Pricing, Access, and Practical Realities

The Cionic Neural Sleeve 2 operates on a subscription model: $260/month during the first year, with reduced rates in subsequent years. First year total cost is approximately $3,120. The subscription includes the device hardware, all software and AI algorithm updates, technical support, and app access. There is no separate device purchase; the subscription is the complete cost of access.

This pricing model reflects the device’s clinical positioning. For comparison, traditional clinic based FES therapy sessions cost $100 to $300 per visit, and patients typically require multiple sessions per week for months. A physical therapy program for gait rehabilitation can easily exceed $5,000 to $10,000 over a treatment course. The Neural Sleeve 2’s $3,120 annual cost, providing continuous all day mobility support, represents a different value equation than episodic clinical therapy.

The Cionic Neural Sleeve 2 is FDA cleared as a Class II medical device (510(k) clearance, September 2025). This is the standard regulatory pathway for medical devices that have a substantially equivalent predicate device. It is HSA, FSA, and HRA eligible. The company does not operate through an affiliate or retail model; the device is accessed through Cionic directly, with clinical support teams assisting with fitting, calibration, and ongoing optimization.

Who the Cionic Neural Sleeve 2 Is Best For

The Neural Sleeve 2 is designed for individuals with neurological conditions that impair walking ability. The company lists over 20 qualifying conditions including multiple sclerosis, cerebral palsy, stroke, spinal cord injury, traumatic brain injury, Parkinson’s disease, and other conditions affecting lower extremity motor control. Individuals with foot drop, spasticity, or generalized lower extremity weakness from neurological causes represent the primary user population.

People who are ambulatory but impaired, those who can walk but with difficulty, fatigue, or increased fall risk, are the strongest candidates. The device is designed to augment existing walking ability, not to enable walking in individuals who are completely non ambulatory.

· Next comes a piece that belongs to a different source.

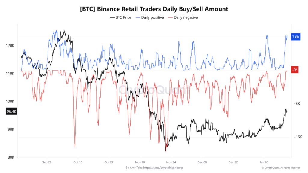 Adding another layer to the market’s complexity, recent on-chain data from Binance reveals intriguing investor behavior. As BTC momentarily pushed past the $97,000 threshold, a notable increase in retail buying was observed. Simultaneously, the exchange experienced a massive net outflow of nearly $3 billion in BTC. This dramatic shift saw net outflows escalate from -$1 billion to -$3 billion in a mere 15 days.

Users whose neurological condition is stable or slowly progressive (as opposed to rapidly deteriorating) will benefit from the AI’s ability to adapt to gradual changes in motor function over time.

Those who may not be candidates include individuals who are completely unable to bear weight on their legs, people whose mobility impairment is primarily orthopedic rather than neurological (joint replacements, fractures, severe arthritis), and individuals with implanted electronic devices (pacemakers, deep brain stimulators) that could interact with the electrical stimulation. Anyone considering the Neural Sleeve should consult with their neurologist or rehabilitation physician to determine candidacy based on their specific condition and functional status.

How the Cionic Neural Sleeve 2 Compares

The Cionic Neural Sleeve 2 has no direct consumer competitor. It is the only FDA cleared wearable that combines AI powered gait detection, multi muscle functional electrical stimulation, and simultaneous spasticity management in a wearable garment format.

Traditional single channel FES devices (Bioness L300 Go, WalkAide) stimulate the peroneal nerve to address foot drop specifically. They are FDA cleared, well established, and less expensive (typically $4,000 to $6,000 purchase). However, they address only one component of the gait cycle (ankle dorsiflexion) and do not manage spasticity. For individuals whose sole impairment is foot drop without spasticity, a single channel FES device may be sufficient. For individuals with multi muscle involvement and spasticity, the Neural Sleeve 2 provides broader intervention.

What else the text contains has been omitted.